Public discussion of safety cases and potential risks
This proposal would involve a requirement for frontier AI companies to publish their safety cases—their explanations of how their models will pursue the intended goals and obey the intended principles or at least their justifications for why their models won’t cause catastrophe. Because these safety cases will be about internal models and might involve sensitive intellectual property, the public version of these documents could be released with redactions. These safety cases would not be subject to regulatory approval; instead, the purpose of sharing them is for the public and scientific community to be able to evaluate them and potentially contribute by offering feedback.
Whistleblower protections
Whistleblower protections are essential to hold AI companies accountable to the law and to their own commitments. After much public debate and feedback, we believe that SB 1047’s whistleblower protections, particularly the protections for AI company employees who report on violations of the law or extreme risks, ended up reasonably close to the ideal. We suggest using the whistleblower protections from the latest version of the bill as the starting point for further discussion.

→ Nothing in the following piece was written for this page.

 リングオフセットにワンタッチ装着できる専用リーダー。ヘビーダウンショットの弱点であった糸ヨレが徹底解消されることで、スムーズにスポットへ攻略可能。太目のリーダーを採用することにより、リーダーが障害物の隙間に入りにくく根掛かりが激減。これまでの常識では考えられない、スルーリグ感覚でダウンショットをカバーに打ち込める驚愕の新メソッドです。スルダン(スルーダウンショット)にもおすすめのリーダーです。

We believe the AI community agrees about more than it disagrees. Almost all of us are enthusiastic about the prospect of positive technological change. Almost all of us perceive serious problems with the current status quo, whether that be in our politics, governance, or the state of scientific and technological progress. We share hopes for a future enabled by radical AI advancement. We believe, in short, that we are probably long-run allies, even if many of us disagreed bitterly about the merits of SB 1047.
If AI proves as transformational as we believe it could be, it will challenge many aspects of the American status quo. It will require us to build new institutions—perhaps even a new conception of statecraft itself. This is an immense intellectual task, and our community will not be up to it if our debates are reduced to petty partisan squabbles. In that sense, AI is more than just a technological opportunity; it is an opportunity for us to refine American governance. Let’s seize it.